I’ve always felt a certain amount of disdain for discomfort in Valentine’s Day… The amount of pressure that lies on the head of this day is truly beyond my ability to comprehend.
If you’re single, you do one of two things:
- Option 1: You spend the day having cocktails with your other single girl friends – toasting to being (you guessed it) single.
- Option 2: You eat ice cream from the carton and drink wine from the bottle in front of the TV.
If you’re taken, you spend ages planning for an expensive dinner and buying expensive gifts for a day that, in my opinion, means nothing special.

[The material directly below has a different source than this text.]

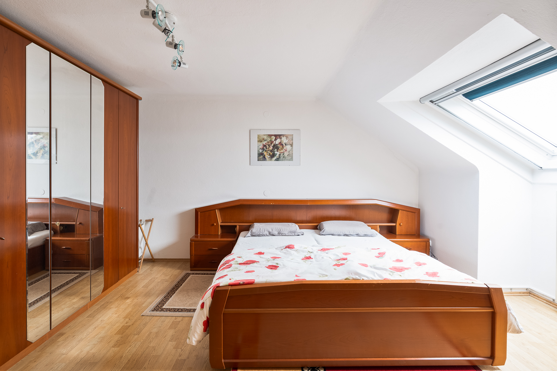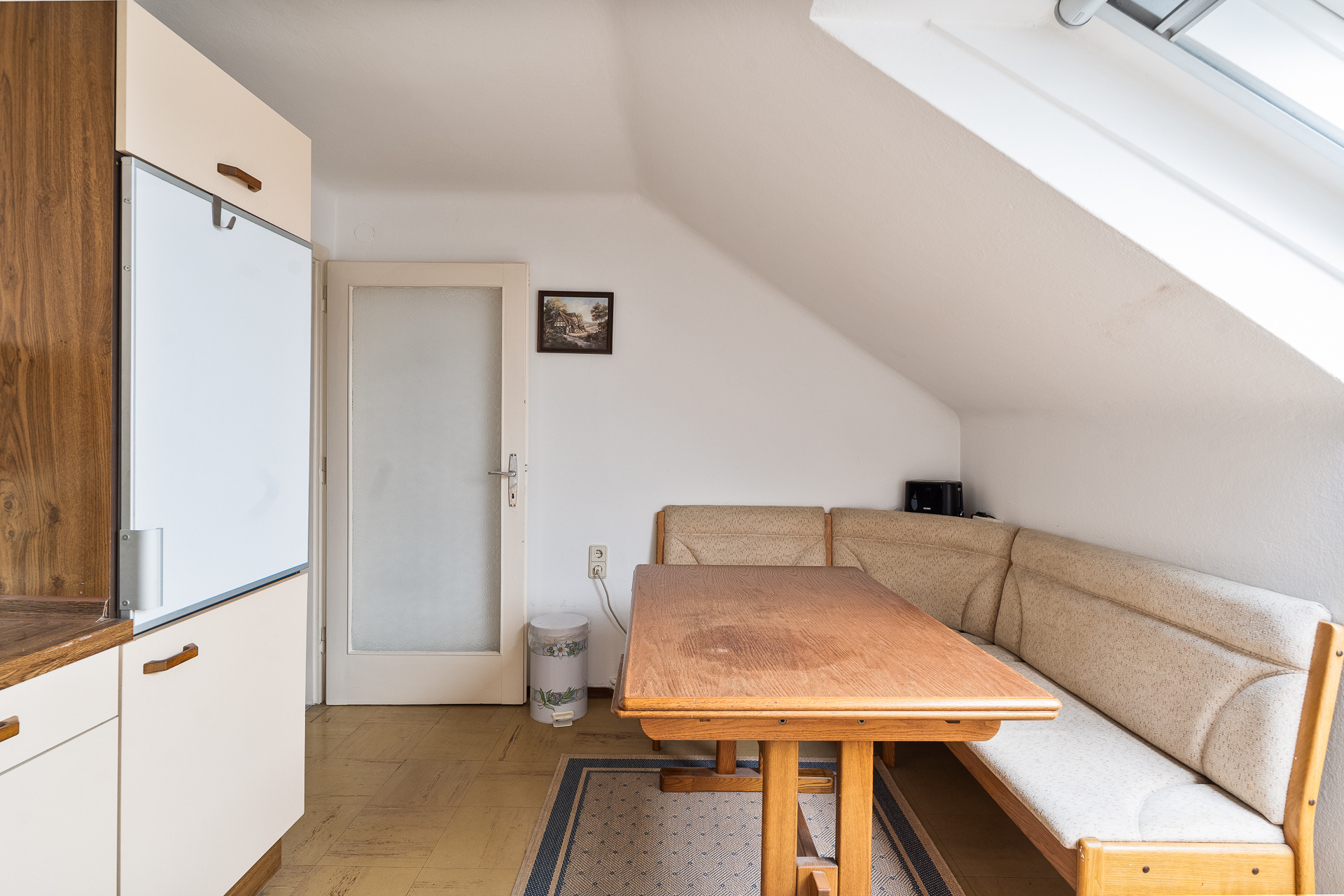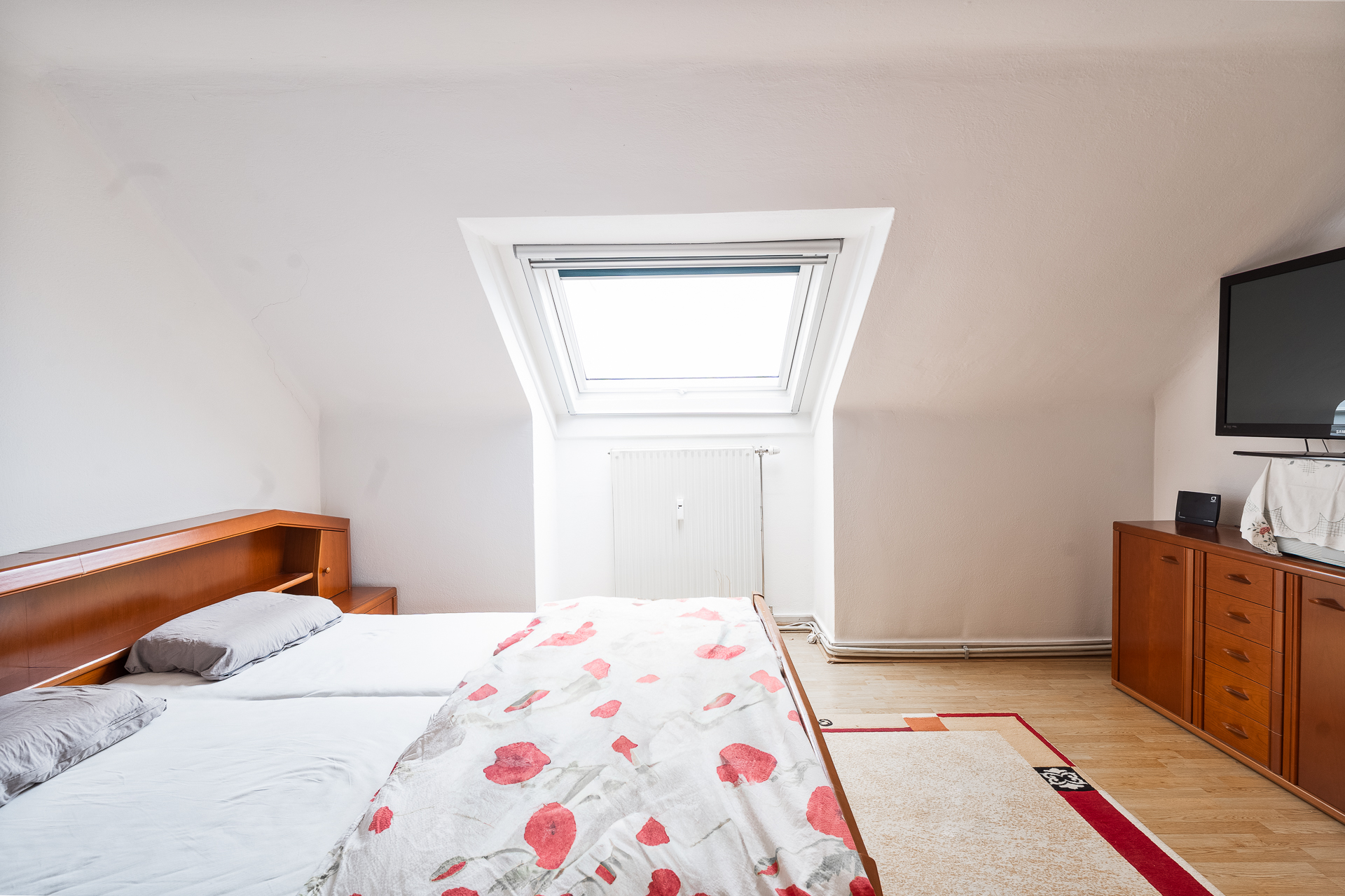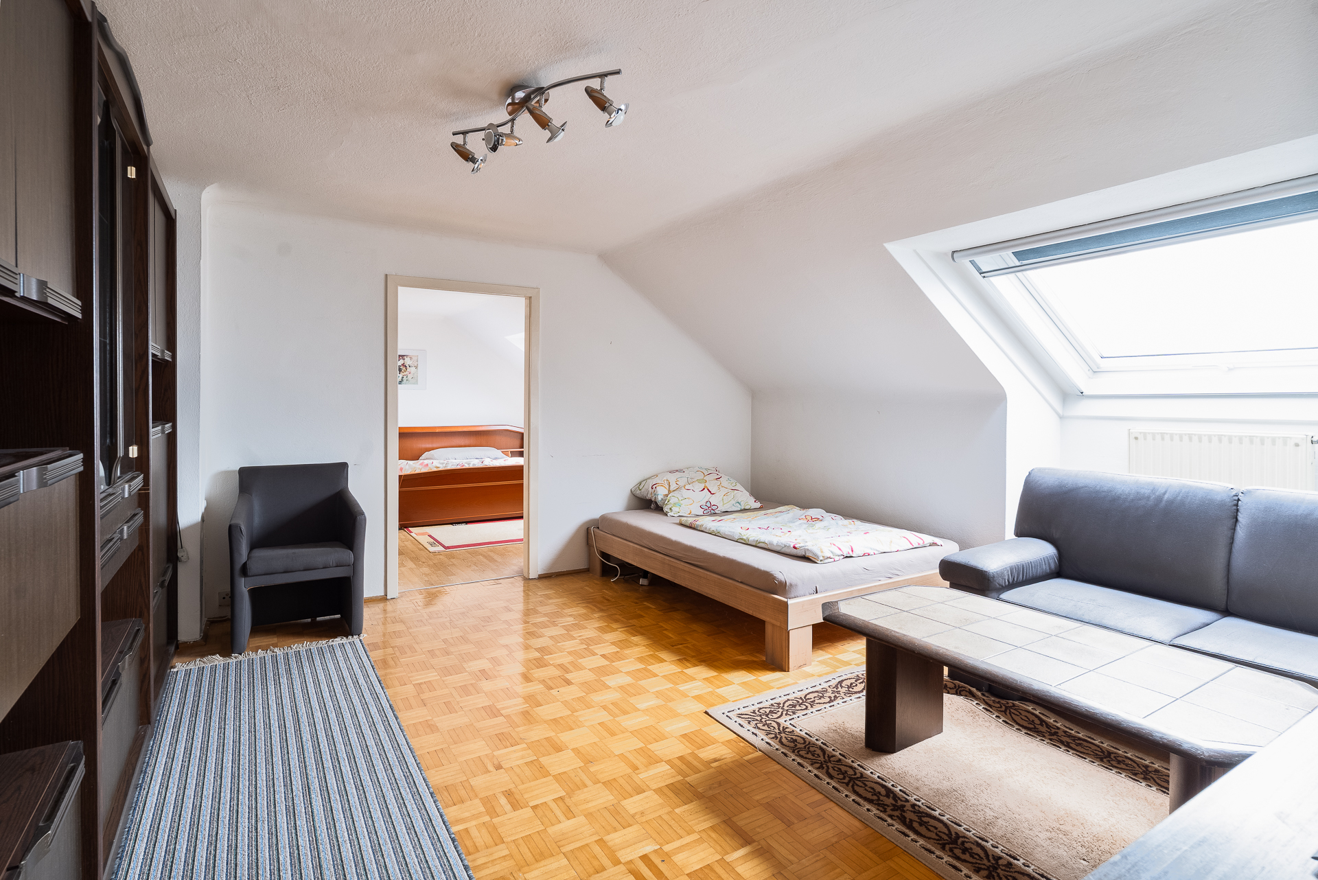 ● Wohnzimmer: Vom Vorraum geradeaus begehbar; großzügig geschnitten, hell und lichtdurchflutet. Die großzügig öffnenden Dachflächenfenster schaffen ein luftiges „Französischer-Balkon-Feeling“ und bieten zugleich einen herrlichen Ausblick. Vom Wohnzimmer aus gelangt man direkt ins Schlafzimmer.
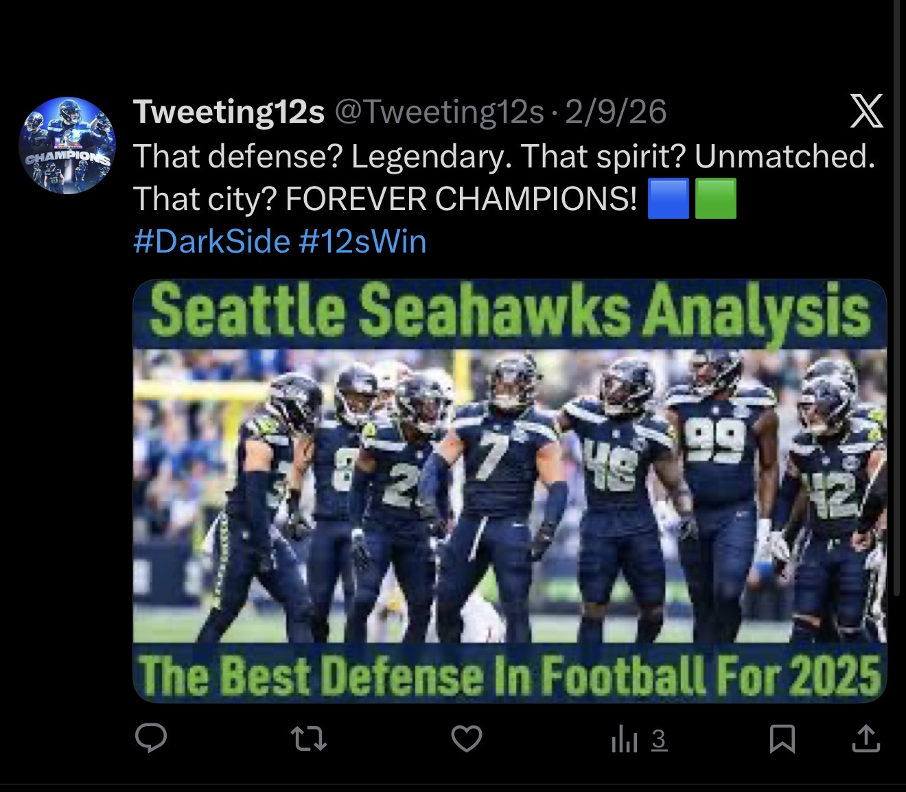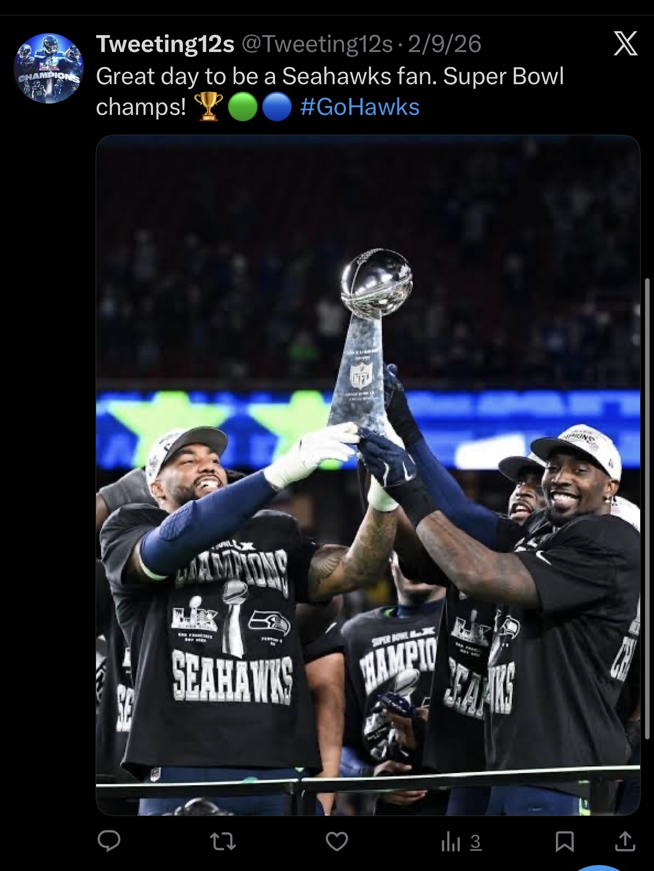As shown within the picture provided I wanted to reiterate that we are the Super Bowl Champions of the 2025 NFL Season. Just a simple reminder to the people that may not have watched the game. Also emphasizing that it is a great day, finally someone different other than the usual teams took the Lombardi home. This is only Seattle’s second Super Bowl being that this is the revenge tour of our last Super Bowl Appearance against the Patriots coming out on top this time. Especially under new coaching.

Now, don’t get me wrong, I love the colors red and pink, I sign almost everything with an xx or an xo, and there was once a time I signed all my blog pots with “♥”. And I love love. I really do – it’s even in my twitter profile. But I love those things every day, not just once a year on 2/14.
I grappled with how to reconcile my feelings about Valentine’s Day side by side with my having a boyfriend this year. Clearly, as I write this post with a furrowed brow and a confused face, I still haven’t figured it out but I can at least tell you my plans:
Tonight, I’ll spend Valentine’s Day with My Honey, only because I want to see his face and he wants to see mine. We’ll go to a nice restaurant in Queens. I’ll get a little fancy just because, and we’ll toast to what’s to come. I have no interest in heart-shaped boxes filled with chocolates or expensive gifts on this day because for me, that’s not the point. I want for nothing more than him (and perhaps some grocery store flowers) and he wants for nothing more than me (and perhaps a nice cold beverage). And because we’re an imperfect pair, we’ll probably drink one too many beers and stumble home in laughter together – just like we’d do any other day. And that’s what’s important, enjoying each other today and every day.
Happy Valentine’s Day (and every day) to you and yours.